(Collected data)
[Start of Attachment]

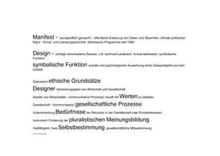 Das Dokument behandelt verschiedene Manifeste, die sich mit sozialen, politischen und ethischen Aspekten von Design und Kommunikation auseinandersetzen. Es beleuchtet die Verantwortung von Designern gegenüber der Gesellschaft, die Kritik an wirtschaftlichen Interessen sowie den Aufruf zu kollektiver Kreativität und Selbstreparatur. Darüber hinaus wird die Bedeutung von offenem Zugang zu Informationen und der Widerstand gegen autoritäre Strukturen hervorgehoben.
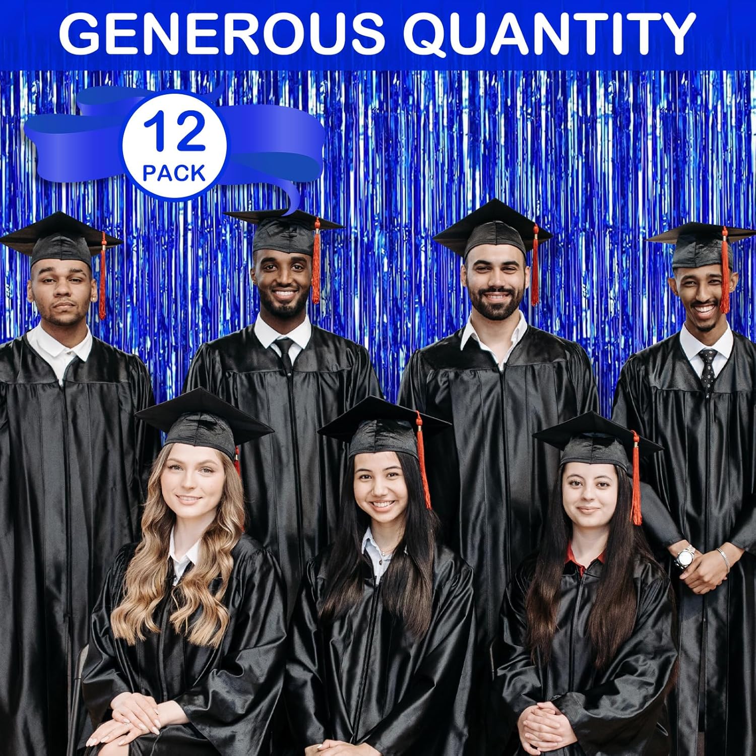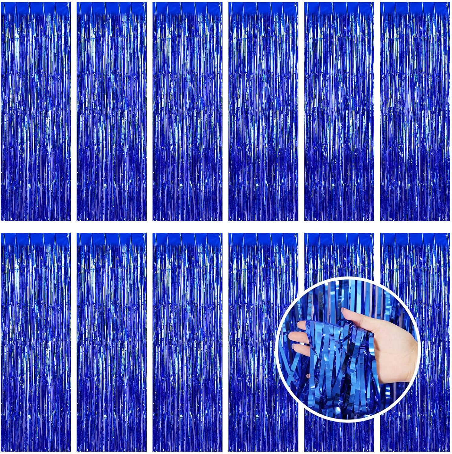 Blue Fringe Curtain Party Streamers, 12 Pack 3.3ft x 8.2 ft Foil Curtain Backdrop Tinsel Foil Fringe Curtains Photo Booth Backdrop Streamer for Birthday, Wedding, Baby Shower, Disco Party
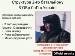 Як було відомо раніше з пояснень затриманих спецпризначенців, вони зайшли до України наприкінці березня цього року разом із 2-м окремим батальйоном 3-ї окремої бригади військ спецпризначення – загалом 220 осіб. Командує підрозділом майор Костянтин Напольских за позивним «Фагот»
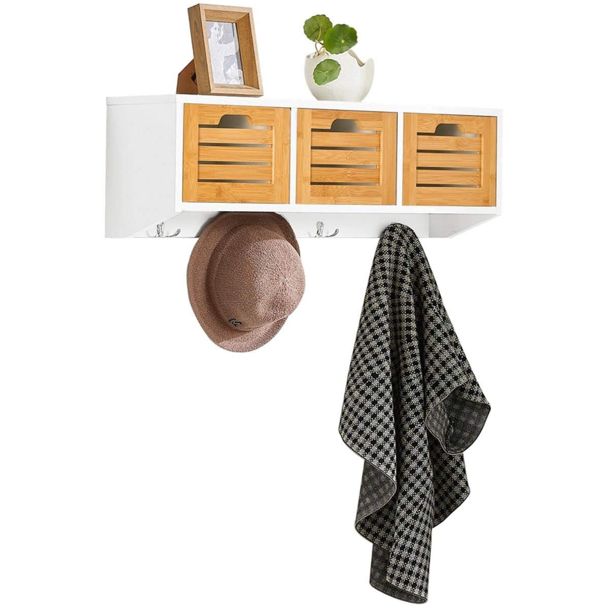 I really like how this wall-mounted rack combines warm bamboo fronts with a crisp white frame - it’s a fuss-free piece that fits effortlessly into Scandi-inspired, coastal or modern farmhouse hallways. The neutral tones keep things looking light, while the three hooks and cubby drawers give you just enough space for keys, hats and scarves without overwhelming a small entrance. For styling, top it with a slim vase of dried grasses or a small framed print to introduce subtle texture. Pop everyday gloves or dog-walking bits into lightweight baskets in the cubbies, and rotate seasonal scarves on the hooks so it always feels fresh. Because it’s wall-hung, you avoid floor clutter, making even the narrowest corridors feel more open.
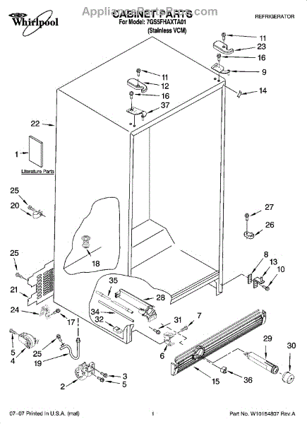 A factory fastener used to secure appliance components and panels. Replacing a missing, rusted, or stripped screw restores a solid, rattle-free fit and helps keep brackets, housings, and covers properly aligned for reliable operation.
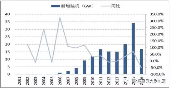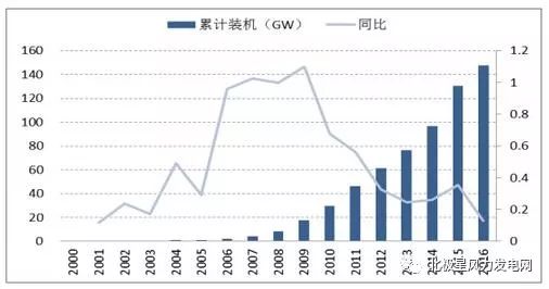 2018 年風(fēng)電行業(yè)將復(fù)蘇。我國截至 2016 年風(fēng)電累計并網(wǎng)裝機為 1.5 億千瓦,這意味著,要想實現(xiàn)國家規(guī)劃的目標(biāo),2017-2020年,4年內(nèi)要至少增60GW,年均增長至少15GW。而根據(jù)國家《2017~2020 年風(fēng)電新增建設(shè)規(guī)模方案》,風(fēng)電年均新增規(guī) 模在25GW 以上。

[End of Attachment]

→ Description of the task: Pictures are to be left out, and the lines from the beginning of the records through the line with "Як було відомо" are to be printed exactly, with nothing added.

→ Response to this exercise:
 Das Dokument behandelt verschiedene Manifeste, die sich mit sozialen, politischen und ethischen Aspekten von Design und Kommunikation auseinandersetzen. Es beleuchtet die Verantwortung von Designern gegenüber der Gesellschaft, die Kritik an wirtschaftlichen Interessen sowie den Aufruf zu kollektiver Kreativität und Selbstreparatur. Darüber hinaus wird die Bedeutung von offenem Zugang zu Informationen und der Widerstand gegen autoritäre Strukturen hervorgehoben.
 Blue Fringe Curtain Party Streamers, 12 Pack 3.3ft x 8.2 ft Foil Curtain Backdrop Tinsel Foil Fringe Curtains Photo Booth Backdrop Streamer for Birthday, Wedding, Baby Shower, Disco Party
 Як було відомо раніше з пояснень затриманих спецпризначенців, вони зайшли до України наприкінці березня цього року разом із 2-м окремим батальйоном 3-ї окремої бригади військ спецпризначення – загалом 220 осіб. Командує підрозділом майор Костянтин Напольских за позивним «Фагот»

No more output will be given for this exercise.